第16話 ブルーム

 どういう流れでそうなったのか、気が付くと修介は目的地であった高い尖塔の建物のそばにある酒場でブルームとふたりで杯を交わしていた。

 ブルームによると、あの高い尖塔の建物は戦いの神の神殿とのことだった。この街は妖魔と戦うことを生業とする兵士や冒険者が多いため、戦いの神を信仰する者が多いのだという。

 騎士であり戦いの神の神官でもあるブルームは非番を利用して神殿に赴こうとしていたところ、修介の姿を見つけたので声を掛けたのだそうだ。

 偶然にしては出来すぎなタイミングであった為、もしかしたら監視されているのかもしれないと修介は疑ったが、そもそも探られて痛むような腹を持ち合わせていないので、特に気にしないことにした。


 まだ日の高い時間帯のはずだが、酒場にはそこそこ人が入っていた。いかにも大衆居酒屋という感じの薄汚れた店だったが、商人風の男や鎧を着た冒険者風の男達が各々テーブルで酒を飲んでいる。

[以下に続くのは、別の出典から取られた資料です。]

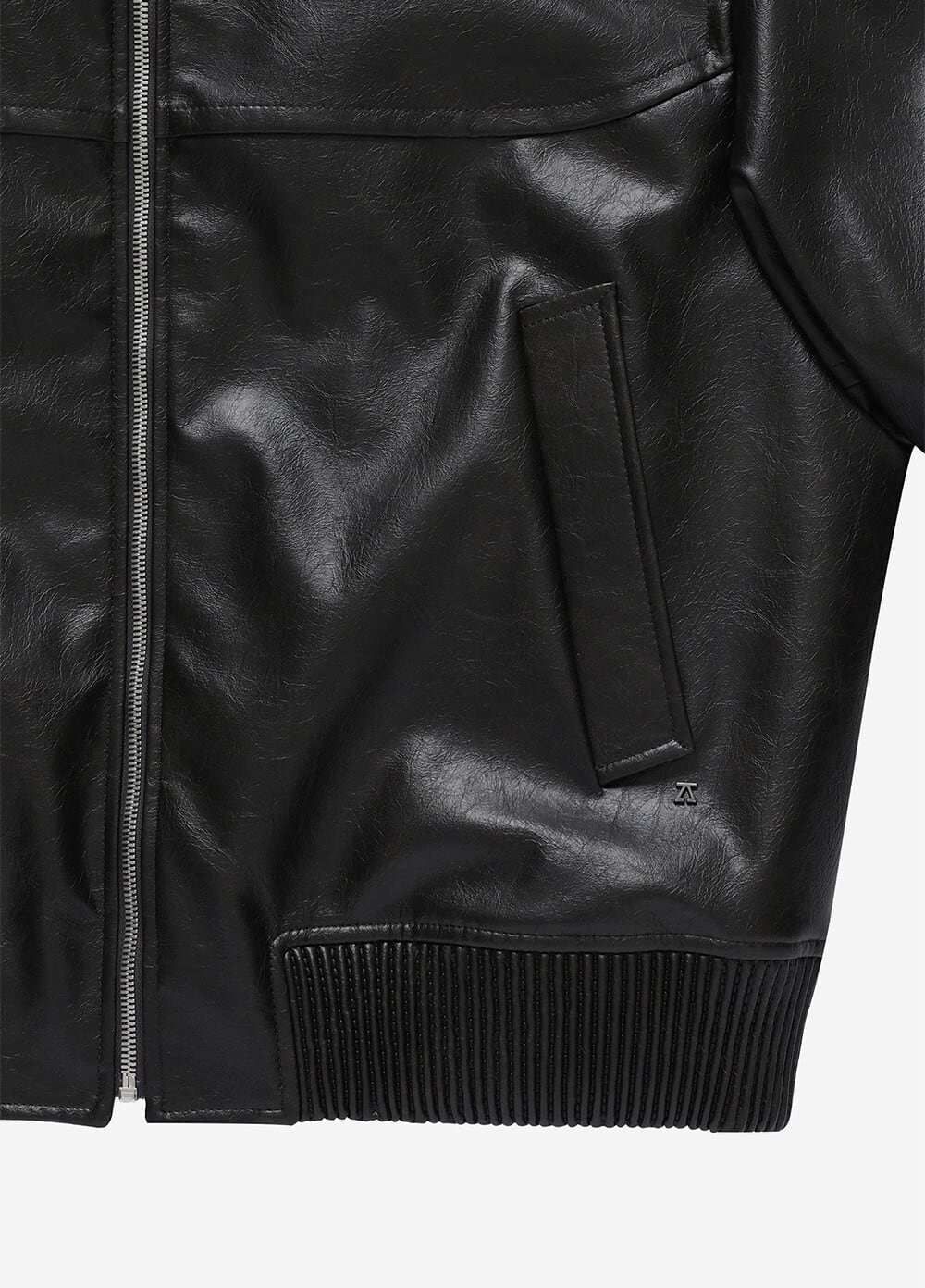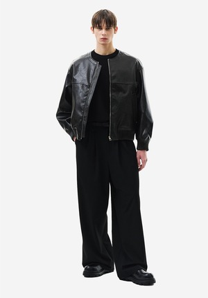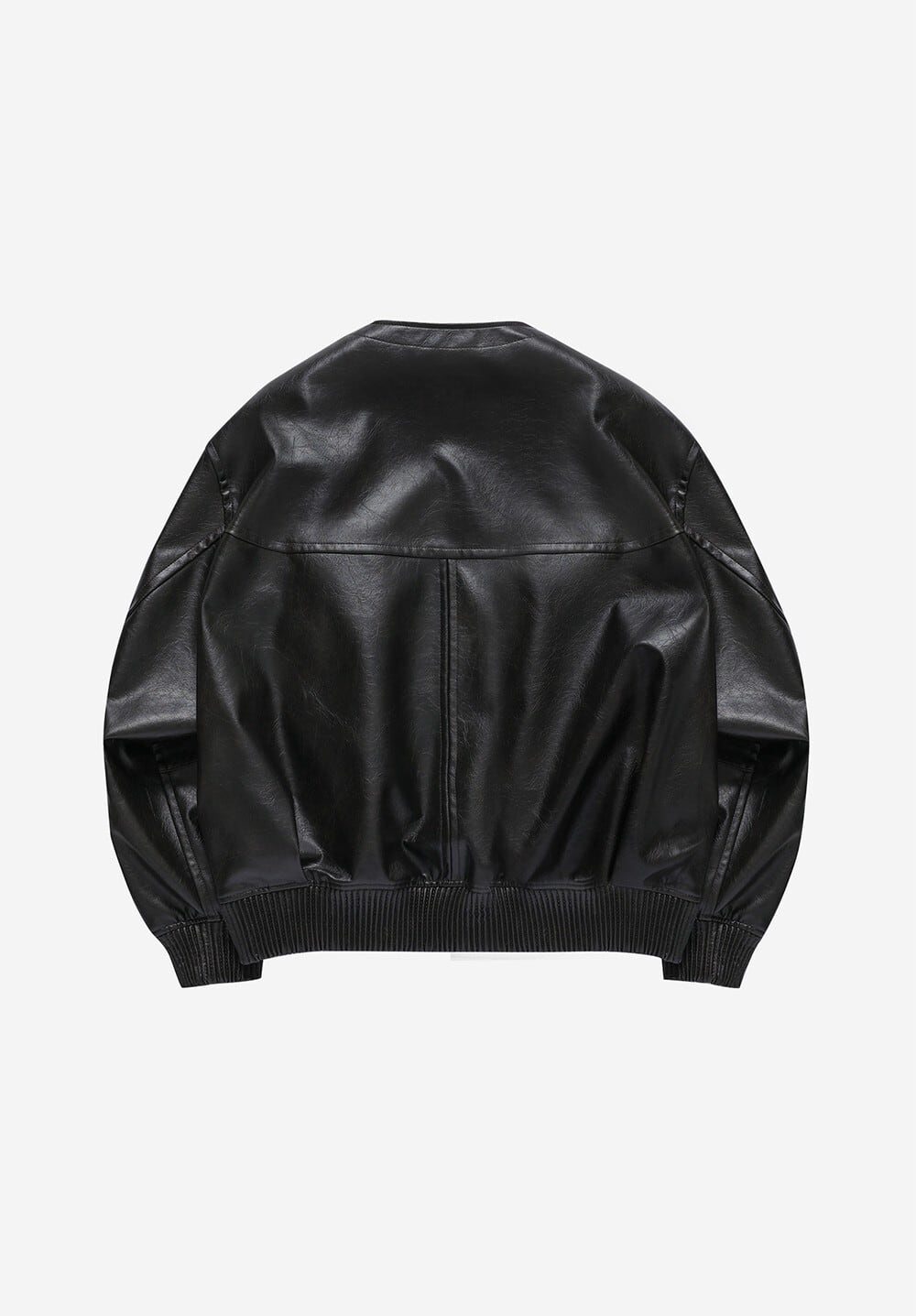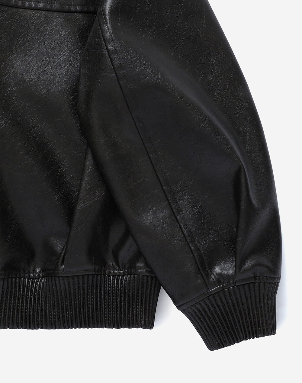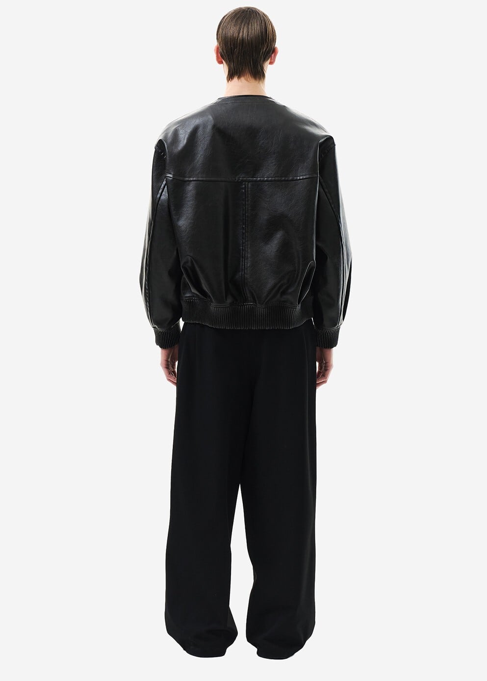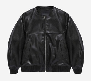 クラッキング加工されたビンテージ調の人工レザー素材を使用し、タックでボリューム感のあるカラリススタイルを演出。
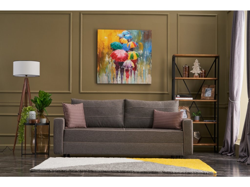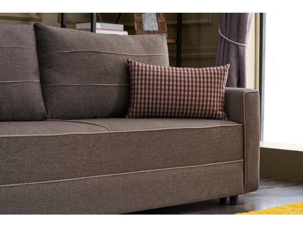 Pohovka ECE s velkými opěrnými polštáři a možností rozkladu na lůžko.
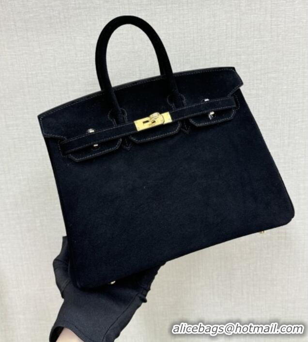 > Hermes Handbag > Hermes Birkin 25CM > Super Quality Hermes Birkin 25 Bag in Suede Leather H25 Black/Gold 2025 (Half Handmade)
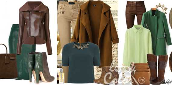 Сочетание цветов: зеленый и коричневый в одежде

 この店は行き付けなのか、ブルームは店主と親しそうに言葉を交わすと、給仕の女性に案内される前に勝手に空いている席に座っていた。


「いやー非番の日に飲む酒はうまい! なぁ勇者殿、そうは思わんか!」


 最初の一杯を一気に飲み干し、ブルームは機嫌よさそうに修介に同意を求めてきた。


「俺は働いてないからなんとも言えませんね。……あと勇者殿と呼ぶのはやめてもらえませんか? そんなたいそうなもんじゃないですから」


「そう固いこと言うな、勇者殿!」


 修介は黙ったままジト目でブルームを睨む。


「わかったわかった。では親しみを込めてシュウスケと呼ぶことにしよう」


「……それで構いません」


 一気に呼び捨てかよ、と修介は思ったが、見た目はどう見てもブルームの方が年上だから言うだけ野暮だろう。中身は修介のほうが年上だが、そこは気にしないことにした。

 最初に会った時から感じていたが、このブルームという男は距離を詰めるのが早い。普通に考えて昨日ちょっと会っただけの男とふたりで飲みには行かないだろう。それともこの世界ではこの距離の詰め方が普通なのだろうか。

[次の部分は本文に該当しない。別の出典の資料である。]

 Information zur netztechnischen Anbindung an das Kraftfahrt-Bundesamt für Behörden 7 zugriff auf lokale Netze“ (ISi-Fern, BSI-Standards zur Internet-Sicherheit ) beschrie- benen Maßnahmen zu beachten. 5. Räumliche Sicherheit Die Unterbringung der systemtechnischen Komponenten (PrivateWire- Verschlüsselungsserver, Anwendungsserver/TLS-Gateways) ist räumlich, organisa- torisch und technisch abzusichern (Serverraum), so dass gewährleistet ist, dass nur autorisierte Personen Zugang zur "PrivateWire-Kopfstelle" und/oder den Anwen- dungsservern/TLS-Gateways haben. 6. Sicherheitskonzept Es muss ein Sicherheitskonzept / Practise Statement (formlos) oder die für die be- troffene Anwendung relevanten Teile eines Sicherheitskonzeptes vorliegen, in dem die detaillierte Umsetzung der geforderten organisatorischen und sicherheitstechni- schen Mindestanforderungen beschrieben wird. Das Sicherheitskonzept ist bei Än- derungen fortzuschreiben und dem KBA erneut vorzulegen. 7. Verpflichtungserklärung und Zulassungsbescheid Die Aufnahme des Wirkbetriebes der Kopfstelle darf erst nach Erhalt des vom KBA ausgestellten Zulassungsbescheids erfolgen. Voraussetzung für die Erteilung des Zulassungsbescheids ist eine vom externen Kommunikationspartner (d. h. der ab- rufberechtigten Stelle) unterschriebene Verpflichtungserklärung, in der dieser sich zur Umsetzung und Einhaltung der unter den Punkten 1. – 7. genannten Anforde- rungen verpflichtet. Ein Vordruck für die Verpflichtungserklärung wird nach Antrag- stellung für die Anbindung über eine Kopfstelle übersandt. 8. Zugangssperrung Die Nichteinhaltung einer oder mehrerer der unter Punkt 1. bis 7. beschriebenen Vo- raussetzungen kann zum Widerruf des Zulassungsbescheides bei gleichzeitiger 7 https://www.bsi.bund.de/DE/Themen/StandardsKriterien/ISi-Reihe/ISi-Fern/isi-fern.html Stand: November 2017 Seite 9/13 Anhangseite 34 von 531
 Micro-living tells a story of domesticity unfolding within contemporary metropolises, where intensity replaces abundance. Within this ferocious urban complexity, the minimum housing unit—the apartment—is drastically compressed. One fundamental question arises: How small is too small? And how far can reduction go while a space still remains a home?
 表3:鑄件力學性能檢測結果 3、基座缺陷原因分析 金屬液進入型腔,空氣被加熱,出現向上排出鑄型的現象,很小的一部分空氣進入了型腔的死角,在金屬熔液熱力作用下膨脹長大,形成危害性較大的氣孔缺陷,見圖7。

 修介は馴れ馴れしい人間が苦手であったが、目の前のこの男に対しては不思議と嫌な感情を抱かなかった。


「ところでなんで俺を誘ってくれたんですか?」


 修介としては純粋に気になっていたので素直に聞くことにした。


「ん? 特に深い理由はないが、強いて言うなら神の御意思……かな」


「はい?」


 修介はブルームの言っている意味がわからず首を傾げた。


「いたいけな少女を妖魔から救った勇者と酒で親交を深めよ、という神の御意思だ」


「……ようするに昼間から酒を飲む口実が欲しかったんですね?」


「そうとも言うな」


 ブルームはがははと声を立てて笑う。

 見た目の印象通り、豪快で愉快な人物のようだった。


「ところで、傷の具合はどうだ? ちゃんと塞がってるか?」


 上機嫌でブルームは問いかける。


「おかげさまで、この通りです」


 修介は袖を捲って腕を見せる。薄く傷痕が残っていたが傷口は塞がっていた。

 あれだけの怪我をわずかな時間で治してしまう魔法の力に修介は感動を覚えていた。自分でも扱えればかなり便利に違いない。

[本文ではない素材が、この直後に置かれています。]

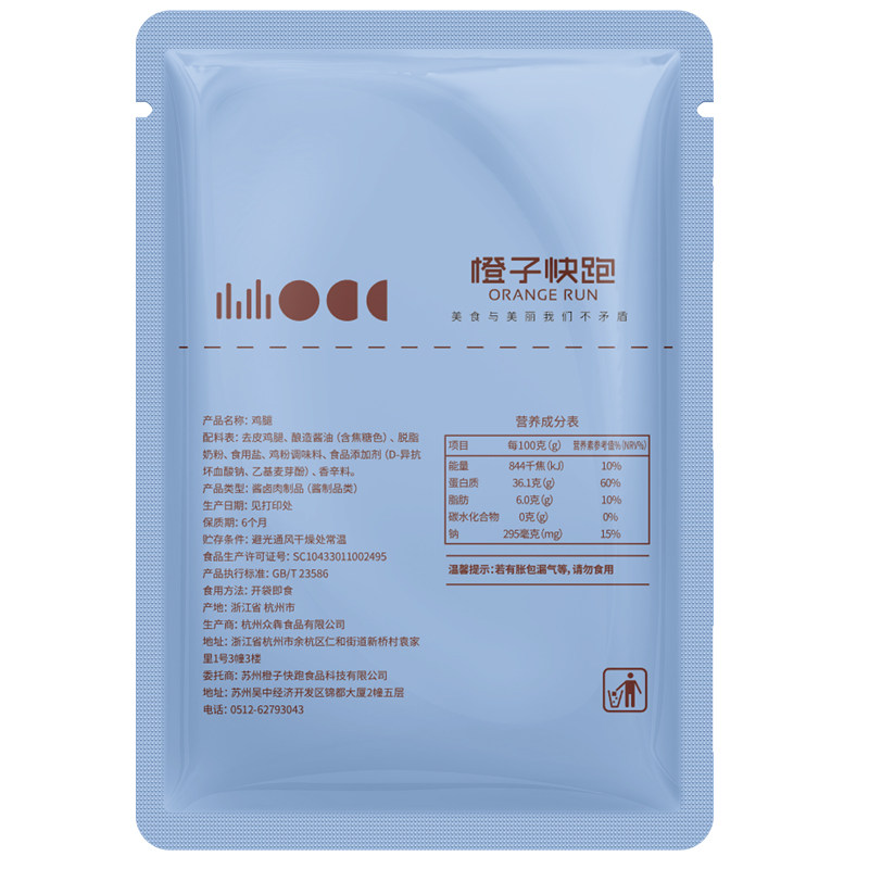 (Orange Run) High protein peeled fitness chicken legs at room temperature storage open bag ready-to-eat 130g
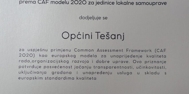 Federalno ministarstvo pravde i Agencija za državnu službu na svečanoj ceremoniji u Sarajevu dodjelili su priznanje Općini Tešanj za uspješnu provedbu procesa samoprocjene po CAF modelu koji predstavlja EU alat za razvoj ljudskih resursa u organima državne službe. CAF alat omogućava objektivno sagledavanje vlastitih kapaciteta, identifikuje područja za unapređenje te uspostavlja održive i transparentne standarde kvaliteta.
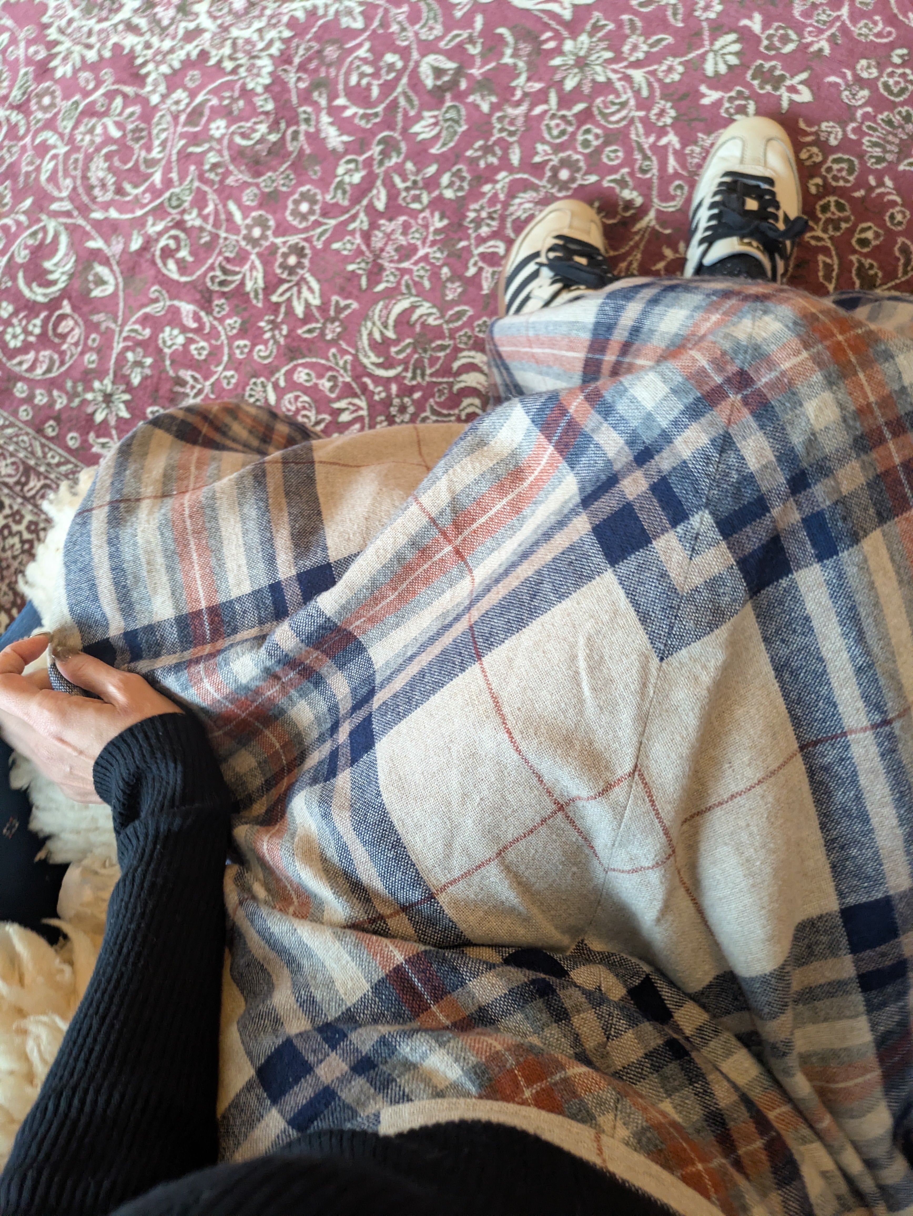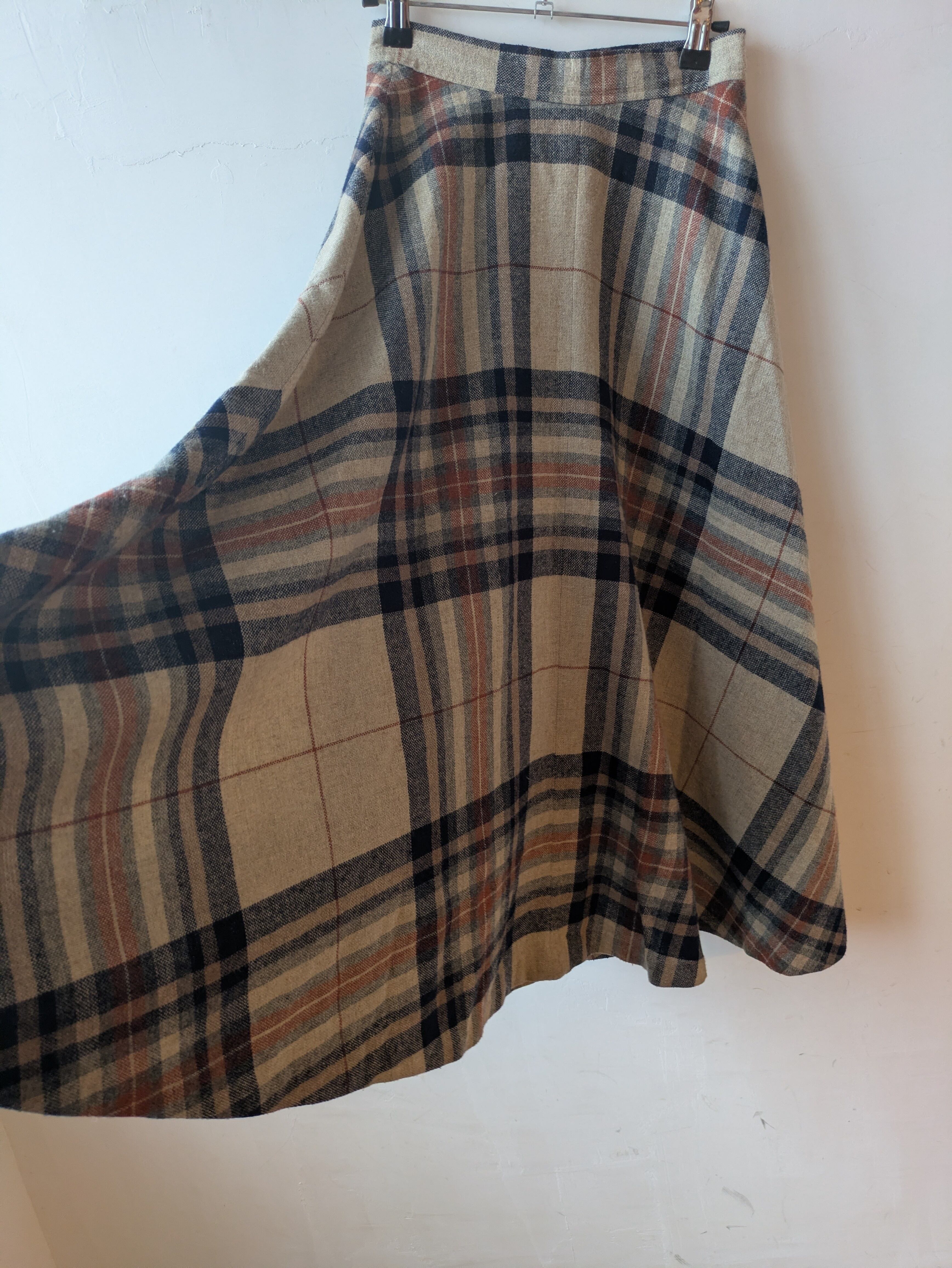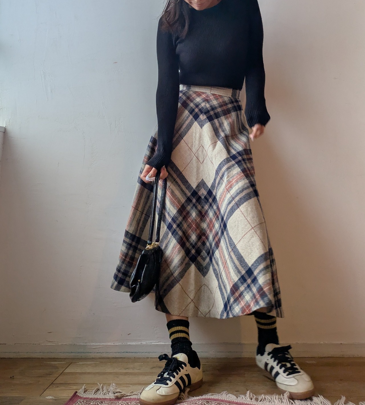 温かみのあるウール素材のチェック柄のミディ丈フレアスカートです。

「それは良かった。おぬしはなぜか魔法のが悪くてな。途中で魔力が尽きてしまい、情けないところを見せてしまったわ」


 ブルームは新しくきたジョッキをあおって豪快に笑う。


「初めて魔法を見ましたけど、すごい便利ですね。癒しの魔法があれば怪我をしてもすぐに自分で治療できますしね」


 なぜ魔法の効きが悪かったのか、修介はその理由を知りたかったが、そこを深く掘り下げると藪蛇になりそうだったので、あえて触れないようにした。


「そう都合よくぽんぽん魔法は使えんよ。神聖魔法……癒しの術は己の体内の魔力を神の御力を借りて他人に分け与え、その者の体内のマナに働きかけることで、治癒力を増幅させる術なんだが、知っての通り使いすぎるとすぐにマナが枯渇する」


「魔力を他人に分け与えるってことは、自分で自分の治療はできないんですか?」


「できなくはないが、効果が薄くなる。神の御力による治癒力の向上分しか上乗せがないからな」


 他人に自分の魔力を譲渡することで威力を上乗せしているということなのだろう。修介は昨日のブルームの消耗ぶりに得心がいった。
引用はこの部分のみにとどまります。